Miré fijamente el retrato, luego apreté los ojos lo más fuerte que pude, como si con eso desaparecieran las telarañas distorsionantes, porque podía ser que estuviera viendo algo que, simplemente, era producto del veneno corriendo por mis venas y recuerdos. Ese fue un acto instintivo para serenarme y pensar con claridad; para asegurarme de que mis ojos decían la verdad y nada más que la verdad; para calmar y someter mi fantasía de pre-cadáver y así tener una suave y fiable contemplación de ese retrato fascinante que inundaba el cuarto con su luz. Unos minutos después volví sobre el retrato para que mi cerebro o mi nostalgia –quien llegara primero a la cita- tomara una decisión final que me pondría en este mundo o en el otro. Mi cuerpo gritaba que no podía seguir debatiéndome en la perplejidad, porque el beso del escorpión ya iba a cumplir su perentorio objetivo. No podía seguir perdiendo el tiempo dudando de lo que estaba viendo: el retrato de la mujer hermosa que como por milagro, había hecho menos doloroso el tránsito del veneno y con alevosía y ventaja, me había detenido en la caseta migratoria del purgatorio en la que se revisan los sellos de las cavernas oscuras visitadas.

El efecto del veneno me impide recordar, sí ya les dije que se trataba del retrato de una mujer hermosa. Abarcaba la cabeza, de la que se prendían unos hombros ejemplares y unos senos divinamente geométricos, pintados con la extinta técnica denominada “l’amour de ma vie”. La sonrisa, el perfecto seno izquierdo y hasta las leves olas del cabello se mezclaban en un maremoto, que le daba un toque salvaje al fondo del retrato: un cafetal invadido por campesinos en flor. El marco era del tipo bronce dorado cornucopia, mandado a hacer, en 1917, por el dueño de la finca, según relata el libro bajo la almohada. Al menos para mí, como pieza artística nada podía ser tan adictivo y tan embrujador como ese retrato, que era depurado por las sombras, por el efecto del veneno y por la magia del amor.

Pero, lo realmente fascinante no era la maestría del pintor ni la belleza indecible de la mujer, que parecía viajar en el tiempo a su antojo. En ese momento no pasaba por mi mente febril y en agonía, que el rostro perteneciera a alguna mujer viva y cercana.
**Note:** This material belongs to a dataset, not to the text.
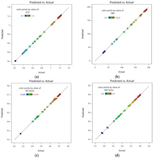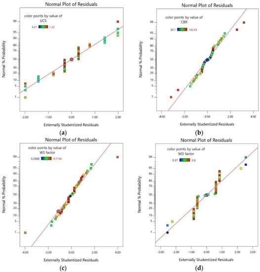 As can be seen from Table 3, the UCS, CBR, WS factor and WD factor model are furnished with a high F value and low p value which is less than 0.05; it indicates that the models are significant. In addition, the positive probability distribution of model residual of each model is depicted in Figure 8. What can be seen is that most test points are evenly distributed in and near the straight line. It indicates that the residuals of UCS, CBR, WS factor and WD factors are independent of the predictive variables, and conform to normal distribution with fewer outliers. It can be considered that incorporation and curing age have good adaptability to the UCS, CBR, WS factor and WD factor model.
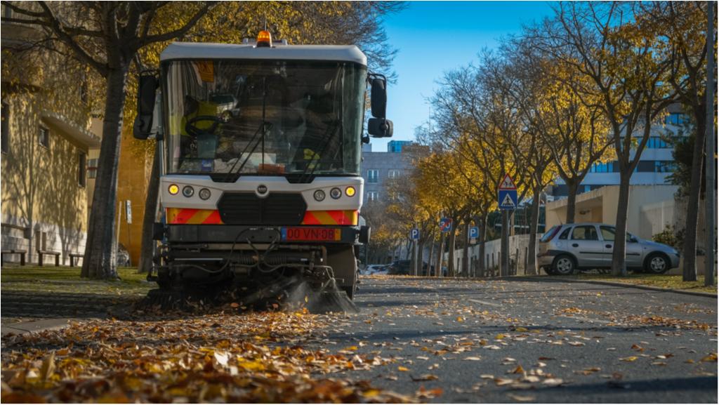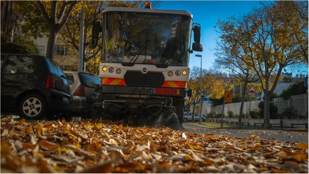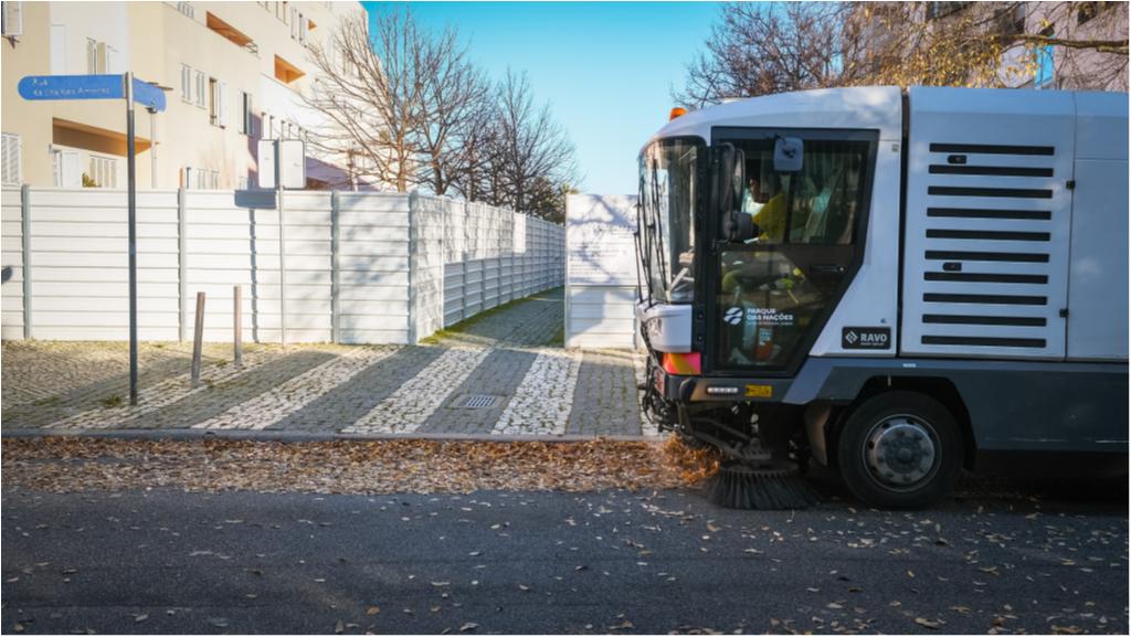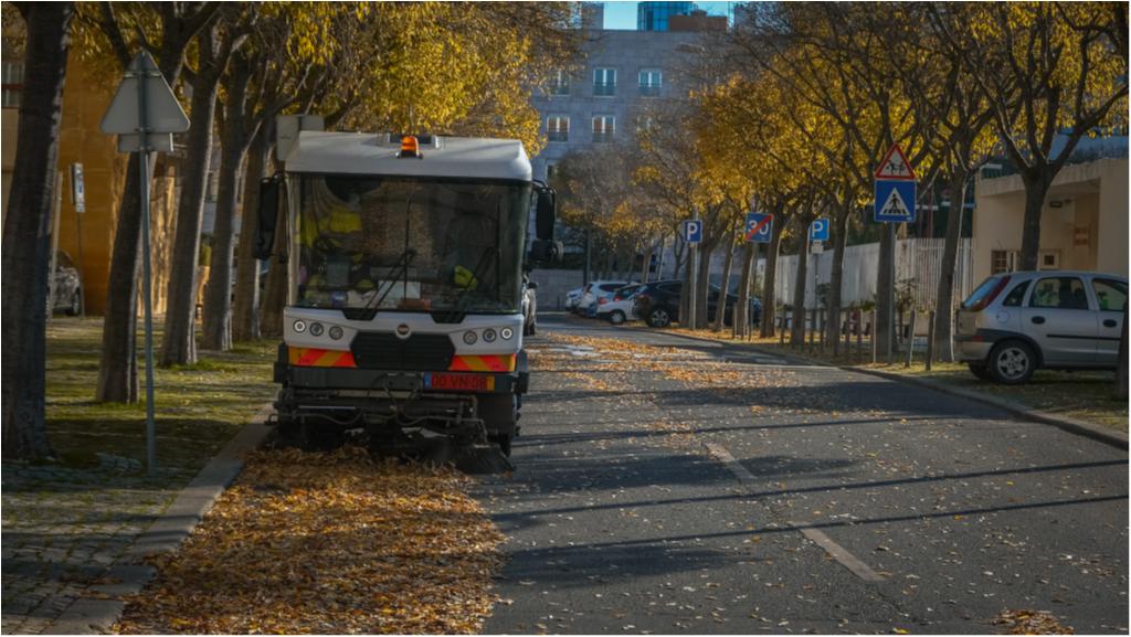 Hoje destacamos as operações de aspiração de folhas e limpeza urbana, com auxilio de varredora, que estão a ser executadas na Rua Ilha dos Amores.

Unos minutos después de estar viéndolo firmemente, noté que el tiempo acumulado en las fisuras, las líneas y los gestos culturales –tanto del rostro como del marco- eran una fulminante paradoja, porque por un lado, me indicaban que el retrato tenía unos cien años de haber sido pintado; por otro, me clavaban la absurda idea de que la hermosa mujer era alguien que yo conocía en persona. Semejante contradicción me hizo explotar la cordura, y por un instante el veneno fue algo secundario e inocuo. Me pasé al menos una hora pensando intensamente en esa paradoja; acomodaba la almohada para ajustar la visión, pero sin apartar los ojos del retrato.